Source material>
^^^^
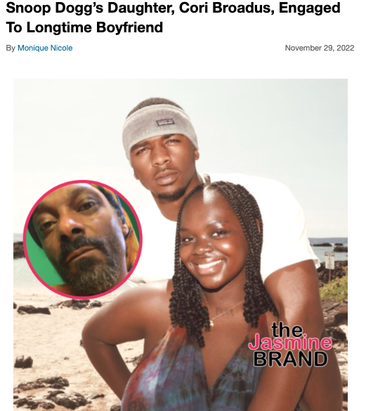 Reportedly, Snoop Dogg is producing the project in collaboration with E!, Death Row Pictures and 101 Studios. The series, which is reportedly untitled at this time, will star Cori Broadus, 24, and her fiancé, Wayne Deuce, 31, as they deal with life while preparing for their upcoming wedding day. As previously reported, the couple got engaged back in 2022 and received an outpour of support from Snoop Dogg and his wife and Shante Broadus.
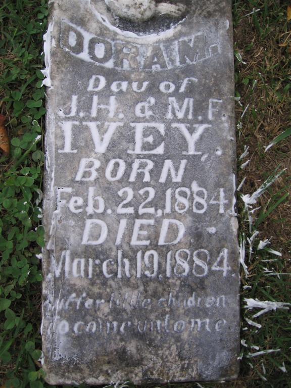 | IVEY, Dora M. | Feb. 22, 1884 | Mar. 19, 1884 | Inscription: "Dau. of J. H. and M. F." - Research Note: Daughter of John Henry Ivey and Mary Frances Jones. | Note Phyllis Long Photo BCG and HS |
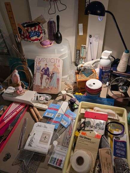Darning egg, mini fan, lights, scissors, rulers, all kinds of sewing accessories and décor.
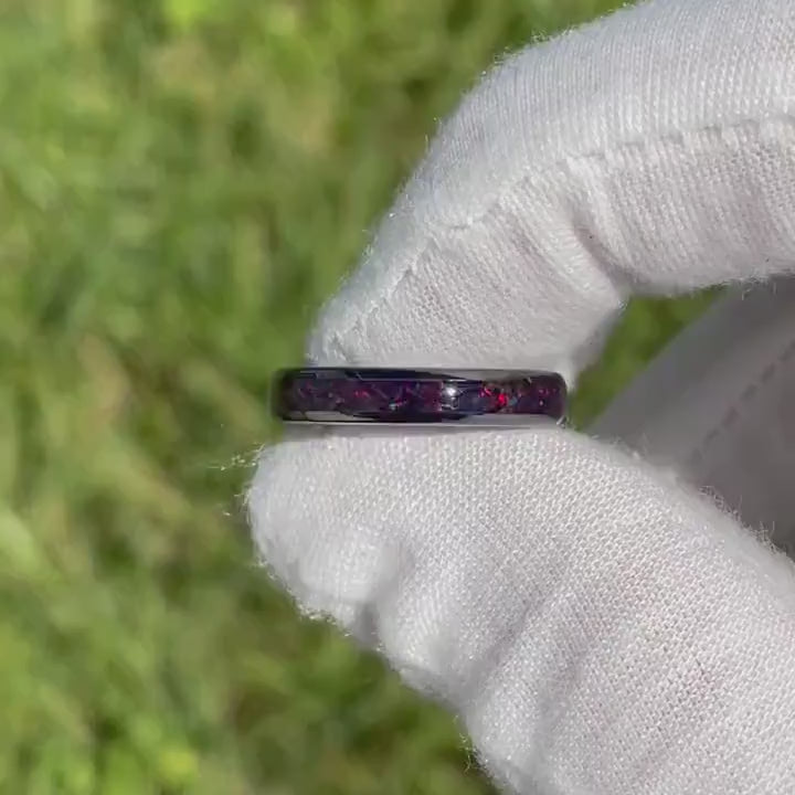 Crushed Black Fire Opal Ring, 4mm Black Ceramic Wedding Band, Women Men Ring, Black Opal Ring, Dome, Polish, Comfort Fit
^^^^
About this task> Omit the pictures and output all remaining material exactly.

Expected output>
 Reportedly, Snoop Dogg is producing the project in collaboration with E!, Death Row Pictures and 101 Studios. The series, which is reportedly untitled at this time, will star Cori Broadus, 24, and her fiancé, Wayne Deuce, 31, as they deal with life while preparing for their upcoming wedding day. As previously reported, the couple got engaged back in 2022 and received an outpour of support from Snoop Dogg and his wife and Shante Broadus.
 | IVEY, Dora M. | Feb. 22, 1884 | Mar. 19, 1884 | Inscription: "Dau. of J. H. and M. F." - Research Note: Daughter of John Henry Ivey and Mary Frances Jones. | Note Phyllis Long Photo BCG and HS |
Darning egg, mini fan, lights, scissors, rulers, all kinds of sewing accessories and décor.
 Crushed Black Fire Opal Ring, 4mm Black Ceramic Wedding Band, Women Men Ring, Black Opal Ring, Dome, Polish, Comfort Fit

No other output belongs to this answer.